Spreader is currently in alpha - implemented features work and work well but many desirable things are missing. The following features are currently on the roadmap:

  • Change notifications to enable clients to react to cells changed during recalculation
  • Ability to associate abstract formatting information with cells rows and columns. Spreader itself doesn't care about formatting - it just needs to keep track of it for clients to act upon.
    • Support conditional formatting formulas. Similar to above associate opaque format with boolean formulas and tell the client which one to use.

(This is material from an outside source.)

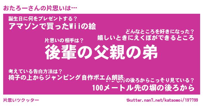 | 意味不明あだ名 | 『ペロリンおたろー』『永久保存おたろー』 |
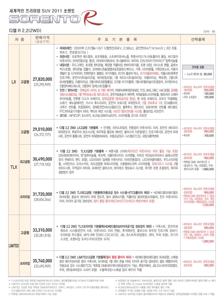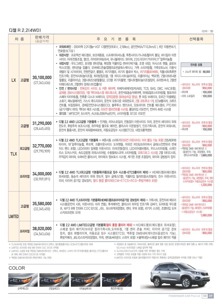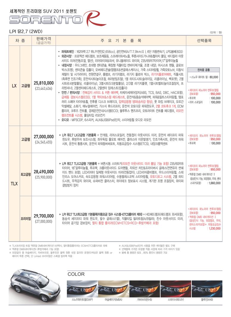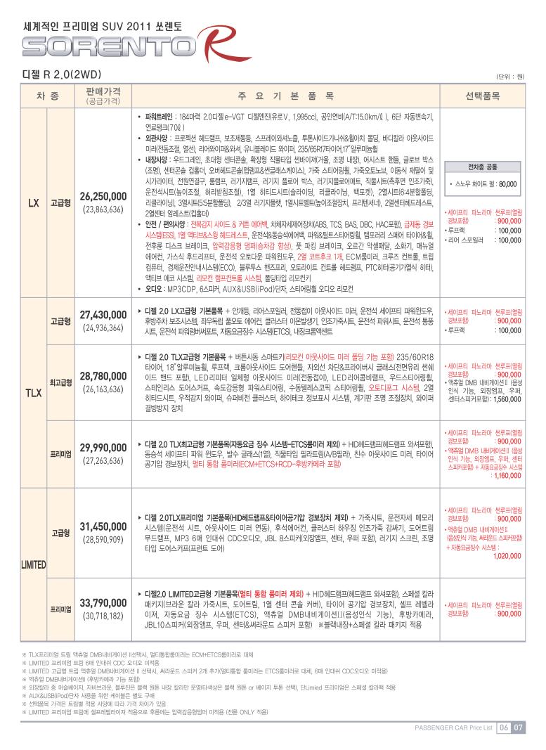 2010년 12월 쏘렌토R 신차가격표 (2011년형)

  • Support optional undo. It needs to be optional because it will slow things down and not all clients need it.
  • Support more functions in formulas
  • Support localized formula input. Currently formula syntax must use US English syntax: . as decimal separator, , to separate arguments. Excel allows using , and ; for languages that use comma as decimal separator.
  • Serialization/deserialization. Likely in xlsx and json.
  • Maybe: support manipulating very large spreadsheets by offloading parts of them to persistent storage and not keeping everything in memory.
  • Maybe: support doing spreadsheet math using decimals rather than doubles.